Input |
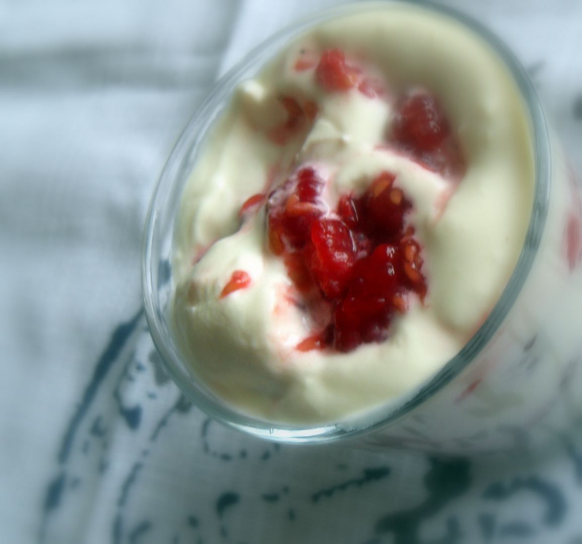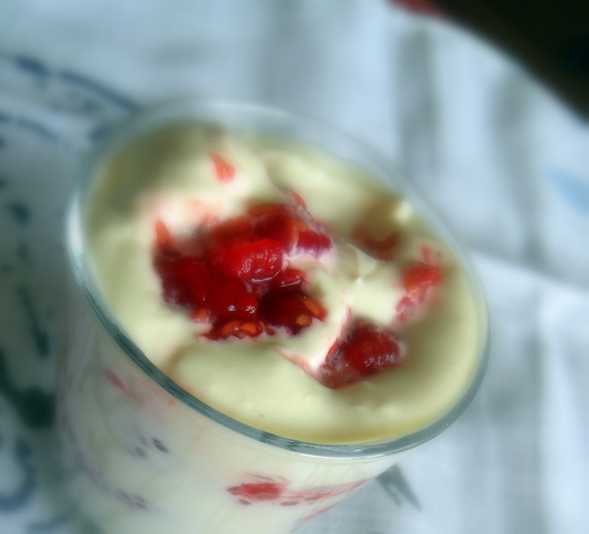 I was not disappointed. I always have a bottle of Limoncello in the larder. (Doesn't everyone?) You can easily make your own so it needn't be expensive. Giada has a recipe here. I love fresh raspberries. I love lemons. Combining the two with a creamy limecello spiked syllubub is genius, pure genius!
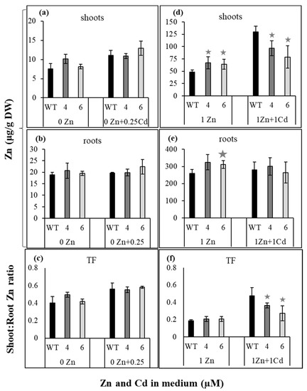 Additionally, it has been shown that the efficiency of root-to-shoot translocation of metals depends on the concentration of a given metal and on the mineral composition of the medium. For example, the dependence of Zn translocation efficiency on external Zn has been shown in A. thaliana [23] and in tobacco [24,25]. Furthermore, Zn translocation depends on the presence of other metals in the medium, including Cd. Inhibition of translocation has often been described [26,27,28]; however, our recent study showed stimulation in the presence of certain Cd concentrations [28,29]. An increase in Zn translocation was found in the presence of 0.25 and 1 μM Cd in plants grown at low/medium Zn concentrations (0 to 1 μM). To compare, for plants exposed to 5–50 μM Zn, translocation of Zn to shoots was reduced in the presence of 4 μM Cd (relative to the medium without Cd).
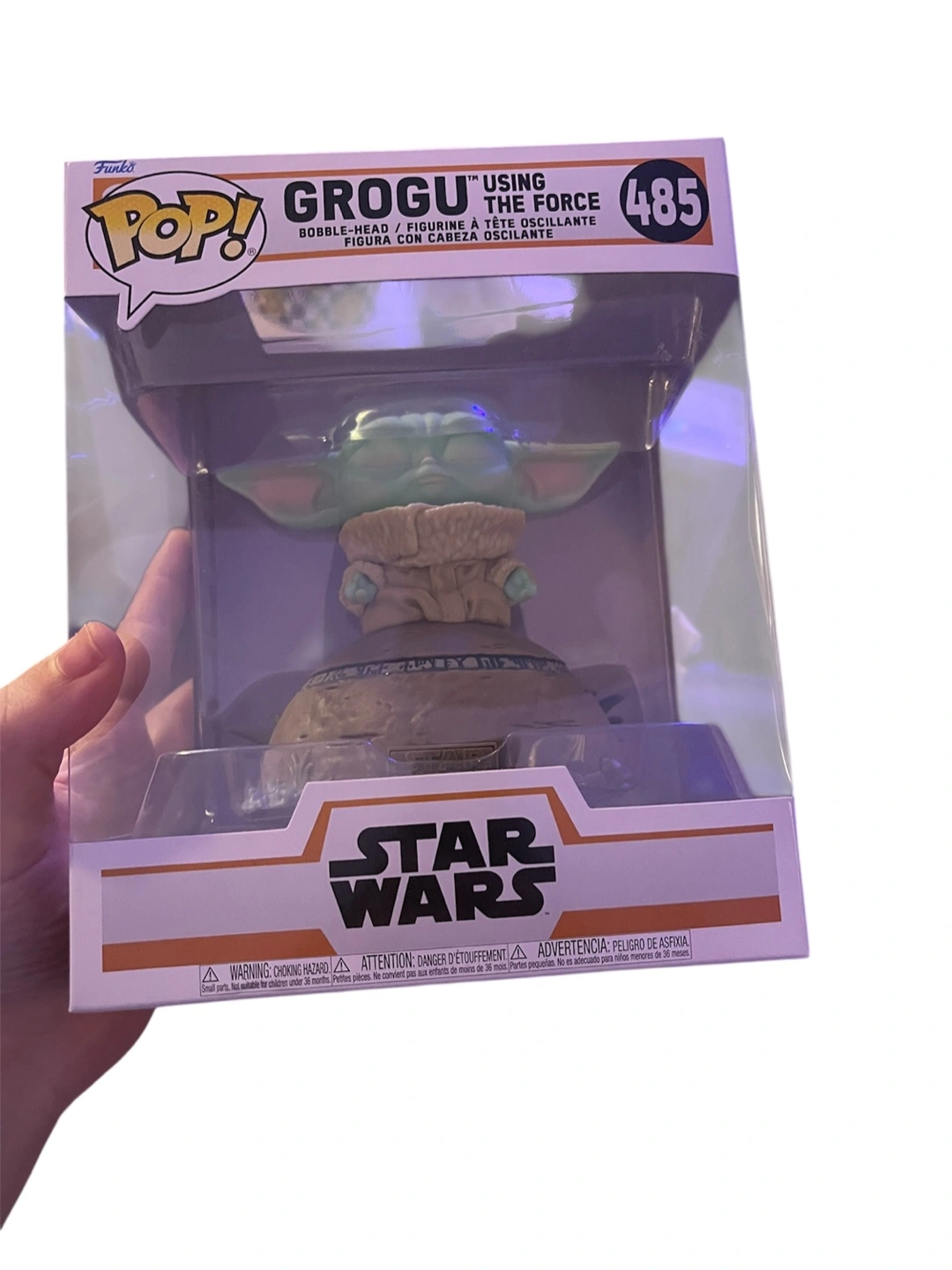 Figure of Grogu, packaged in a box. The figure features a detailed design. It would be a nice addition to any collection, bringing a smile to your face when you see it.
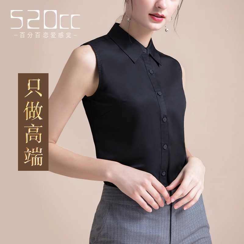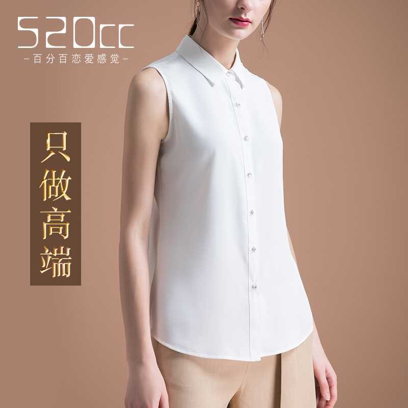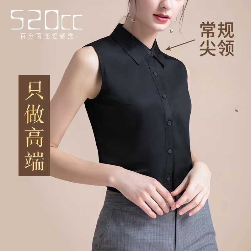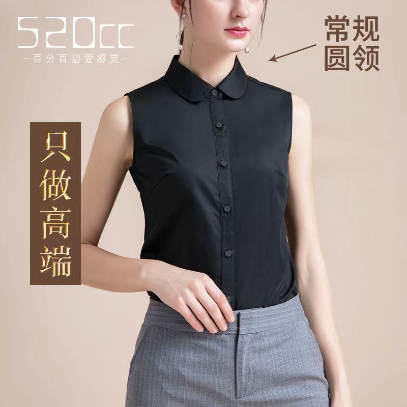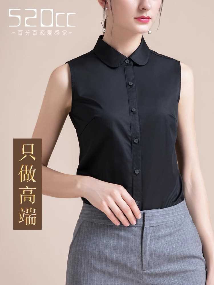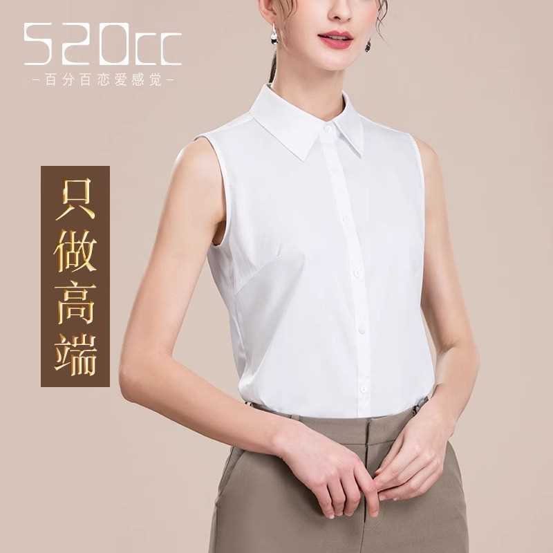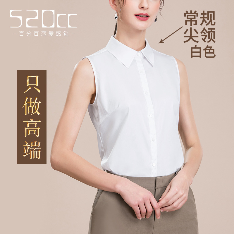 흰색 민소매 셔츠 여성 패션 간단한 비즈니스 착용 주름 셔츠 슬림 핏 베이스 포인팅 칼라 탑 여름 새로운스토어 가기
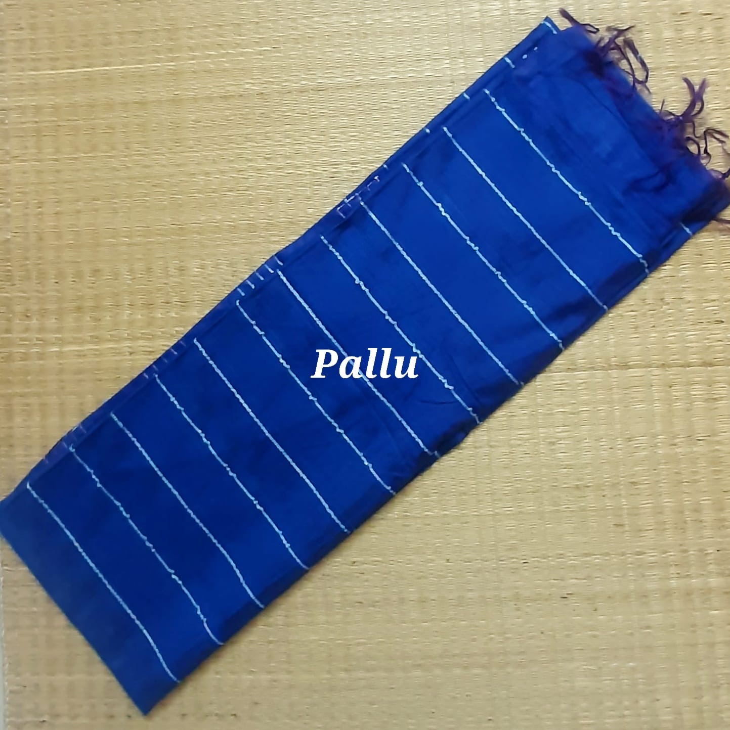 Bhagalpuri ghicha tussar silk saree in Ink Blue color with woven stripes and self woven box pattern all over the body and with ghicha and sequins pallu and tassels. It comes with plain running blouse.

Problem details | Give again the lines of the listing above that run from the one with "Figure of Grogu, packaged" up to and including the one with "흰색 민소매 셔츠 여성". Keep them exact and omit the pictures.

Problem solution |
 Figure of Grogu, packaged in a box. The figure features a detailed design. It would be a nice addition to any collection, bringing a smile to your face when you see it.
 흰색 민소매 셔츠 여성 패션 간단한 비즈니스 착용 주름 셔츠 슬림 핏 베이스 포인팅 칼라 탑 여름 새로운스토어 가기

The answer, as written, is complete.